Стремление насмехаться над другими или над собой (самоирония). Ирония держит на расстоянии, отдаляет, отталкивает и принижает. Она нацелена не столько на то, чтобы смеяться, сколько на то, чтобы заставить смеяться других. Ирония не столько веселит, сколько отрезвляет. Сократ, например, относился к любому знанию, включая собственное, с иронией. Он задавал вопросы (по-гречески eironeia означает «спрашивать»), порой притворяясь незнающим, чтобы узнать то, чего действительно не знал, или то, чего познать нельзя. Ирония противоположна игре. Она проистекает не столько из принципа удовольствия, как сказал бы Фрейд, сколько из принципа реальности, являя собой не столько отдых, сколько труд, не столько мир, сколько битву. Ирония полезна, и в этом – ее сила и ее же ограниченность. Это оружие и орудие, но и только. Средство, но не цель. Иногда ирония необходима, но одной ее никогда не бывает достаточно. Ирония – способ заставить других считаться с собой, пусть порой себе же в ущерб. В иронии содержится негативный момент, и мы миримся с ним лишь потому, что это всего лишь момент. Ироничный ум направлен на отрицание, но он никогда не доходит до самоотрицания. Ирония смеется, но себя самое всегда принимает всерьез. Способна ли ирония ухватить суть, ведь она всегда отделяет нас от сущности? «Стремитесь к глубине, – советовал Рильке, – ибо иронии туда нет хода». Все вышесказанное не относится к юмору и служит достаточным основанием для различения одного от другого.
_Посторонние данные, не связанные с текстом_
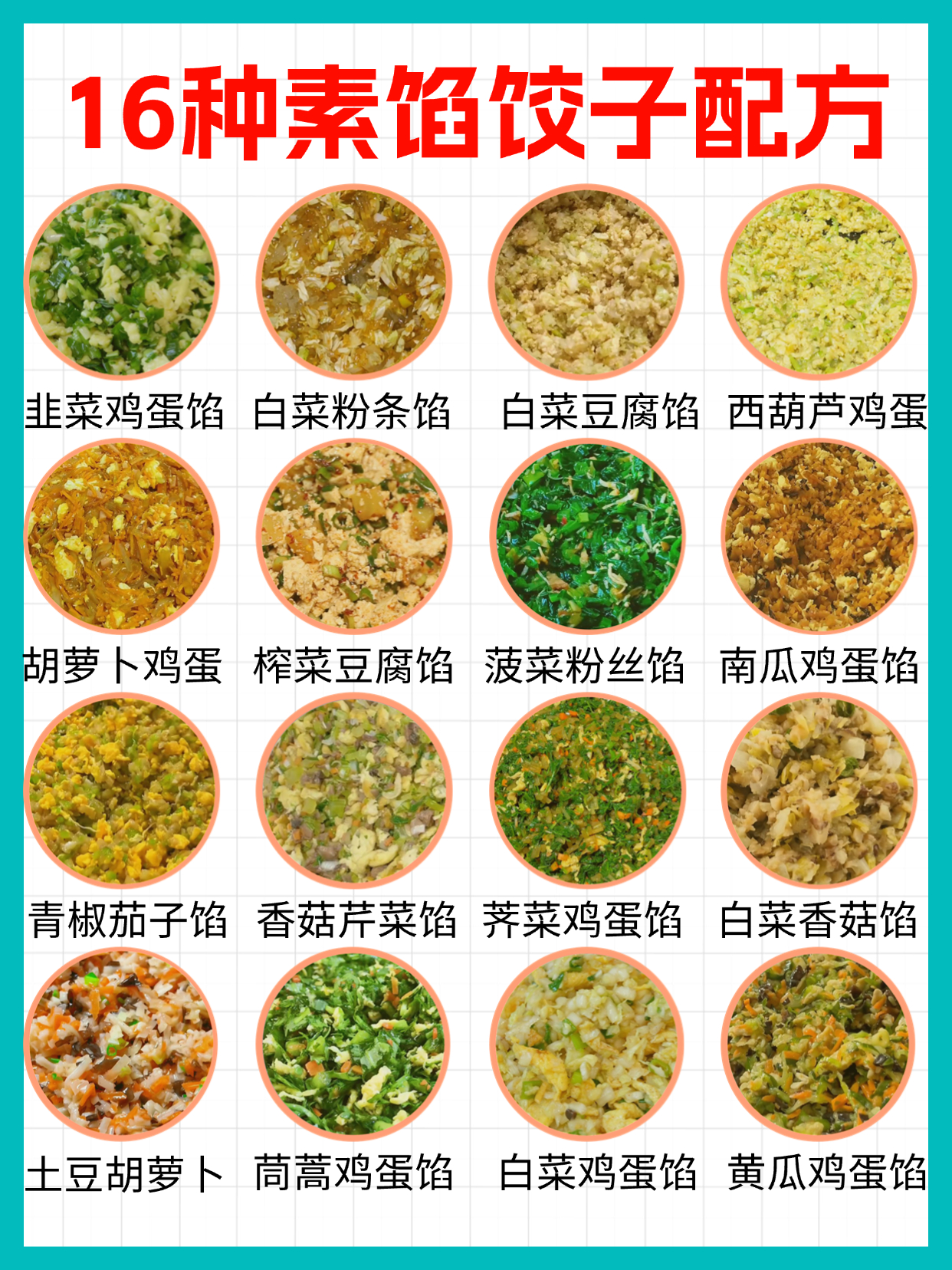 想吃素馅饺子,却不知道包啥,这里有16种素馅搭配,下次再不知道吃啥的时候,就来看看。

Иррациональное (Irrationnel)

Не соответствующее научному разуму; то, чего научный разум не может ни познать, ни понять. Если разум всегда прав, как утверждают рационалисты, с которыми я согласен, иррациональное – не более чем иллюзия или переход к крайнему пределу. Мы называем иррациональным (т. е. недоступным теоретическому пониманию) только то, чего не в состоянии практически понять. Следовательно, иррационального не существует. Этого признака достаточно, чтобы отличать иррациональное от неразумного, каковое, напротив, существует в чрезмерном объеме.



Искажение (Altération)

Изменение, сопровождающееся утратой ряда качеств или приобретением новых. Подвергнуться искажению значит стать в чем-то другим, по сути оставаясь прежним. Чаще всего под искажением понимают отрицательное изменение – ущерб, разрушение, порчу. Однако подобное понимание концептуально ничем не оправдано. Почему «новые» качества обязательно должны быть хуже «старых»? Почему меняться хуже, чем оставаться прежним? Очевидно, этот внутренний протест объясняется тем, что изменения, происходящие с живым организмом, довольно быстро приобретают вид ухудшения. Если взрослеть значит становиться собой, то стареть – это изменяться в худшую сторону, по существу оставаясь тем же самым. И это изменение воспринимается нами как искажение – кому же хочется расставаться с молодостью?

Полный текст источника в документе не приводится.